摘要： 目的探讨细胞周期蛋白酶抑制剂7(CDK7)THZ1对人胶质瘤细胞U251的体外放射增敏性。方法体外培养人胶质瘤细胞U251。MTT检测THZ1对U251的毒性作用, 绘制不同浓度(0、8、16、32、64、128、256、512 noml/L)THZ1处理下的细胞存活曲线,并计算其IC50及IC20,将IC20作为后续试验的药物作用浓度。克隆形成实验检测射线联合THZ1对U251的作用,计算放射敏感性参数,绘制集落形成数量曲线。流式细胞术检测各组细胞周期分布。Western blotting检测CDK7细胞周期蛋白、Bax凋亡相关蛋白及γH2AX蛋白表达。多组间比较采用单因素方差分析,两组间比较采用独立样本t检验,2因素组间对比采用析因设计方差分析。结果 THZ1对U251具有增殖抑制作用,且呈浓度和时间依赖性;单独应用THZ1可使CDK7细胞周期蛋白抑制,X射线(6 Gy)联合IC₂₀浓度THZ1(10 nmol/L)能够降低U251的克隆能力,放射增敏比为1.478,同时可使G0/G1期细胞比例由67%减少到11%、G2/M期细胞比例由12%增加到70%; 凋亡相关蛋白Bax表达增加,DNA双链断裂标志γH2AX蛋白表达增加。结论 THZ1对U251具有放射增敏作用,其可能的机制是THZ1联合射线降低细胞损伤修复能力, 诱导细胞凋亡,调节凋亡相关蛋白的表达,改变细胞生长周期。

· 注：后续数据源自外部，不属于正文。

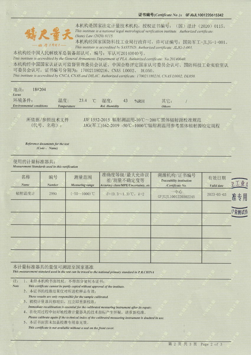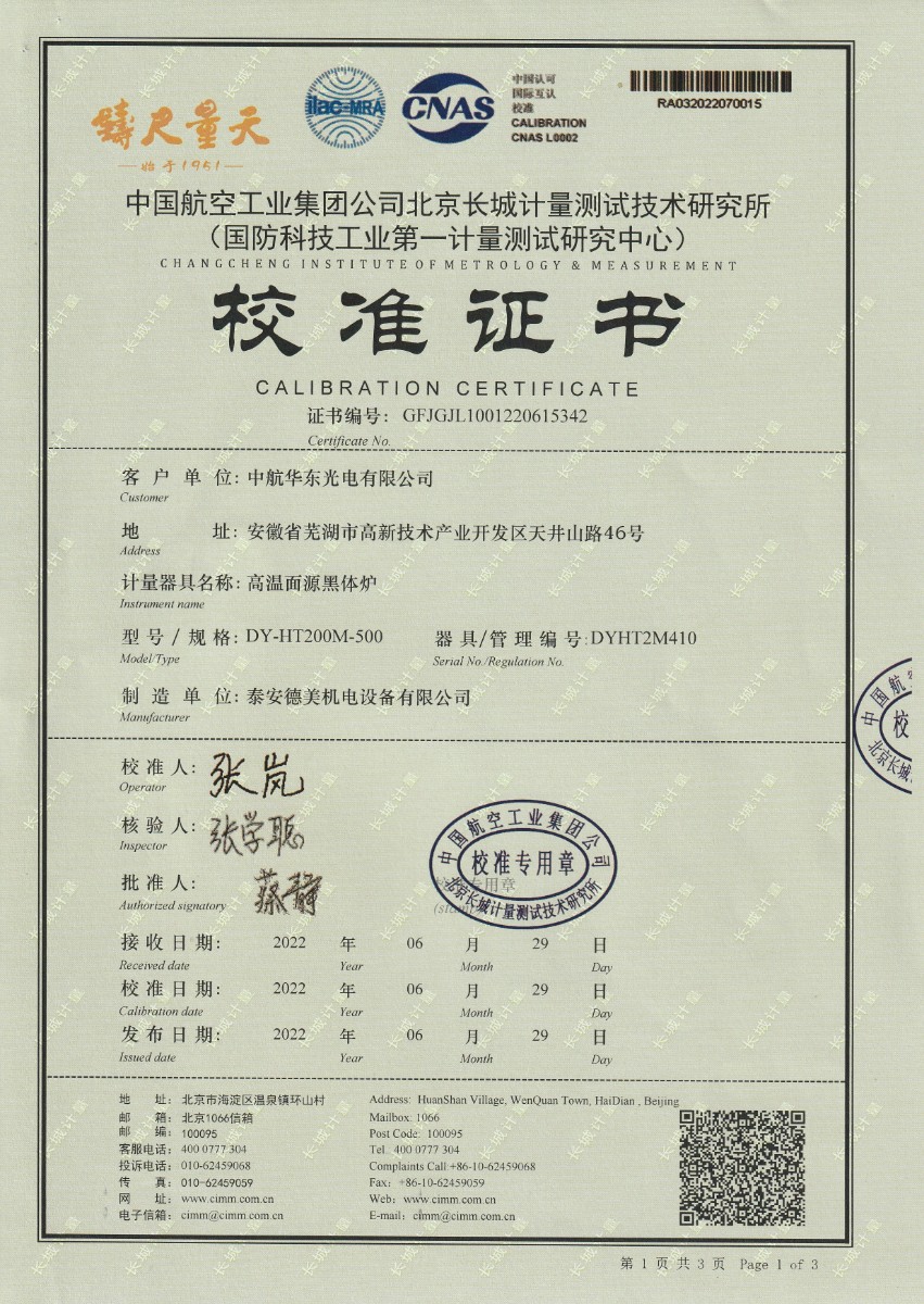 | 上一條:中國航空工業(yè)集團公司沈陽(yáng)空氣動(dòng)力研究所-黑體輻射源 | 下一條:便攜式干體爐(-30-150℃)校準證書(shū) |

关键词: 人胶质瘤细胞U251, 放射增敏, 增殖, 细胞周期

Abstract: Objective To investigate the effects of cyclin-dependent kinase 7(CDK7)inhibitor, THZ1, on the radiosensitivity of human glioma cell line U251 in vitro. Methods U251 cells were cultured in vitro. The toxic effects of THZ1 on U251 cells was detected with MTT. The cell survival curves were drawn at different concentrations of THZ1(0, 8, 16, 32, 64, 128, 256, 512 noml/L). IC₅₀ and IC₂₀ were calculated and IC₂₀ was used as the concentration for subsequent experiments. The effects of X-ray combined with THZ1 on U251 was detected with clone formation experiment. Radiosensitivity parameters were calculated and the curve of colony formation number was drawn. Cell cycle distribution in each treatment group was detected with flow cytometry. The expressions of CDK7 cyclin, Bax apoptosis-related proteins and γH2AX were detected with Western blotting. One-factor analysis of variance was used for comparison among groups. Independent sample t test was used for comparison between groups. Factorial design analysis of variance was used for two-factor comparison among groups. Results THZ1 inhibited U251 proliferation in a concentration- and time-dependent manner. THZ1 inhibited CDK7 cyclin. X-ray(6 Gy)combined with IC₂₀ concentration of THZ1(10 nmol/L)reduced the cloning ability of U251(the ratio of enhancing sensitivity being 1.478), decreased the percentage of G0/G1 phase from 67% to 11%, increased the percentage of G2/M phase from 12% to 70%, and increased the expressions of Bax apoptosis-related proteins and γH2AX. Conclusion THZ1 can increase the radiosensitivity of U251. The possible mechanism is that THZ1 combined with X-ray inhibits the repair ability of cells, induces cell apoptosis, regulates expressions of apoptosis-related proteins, and intervenes in the cell cycle.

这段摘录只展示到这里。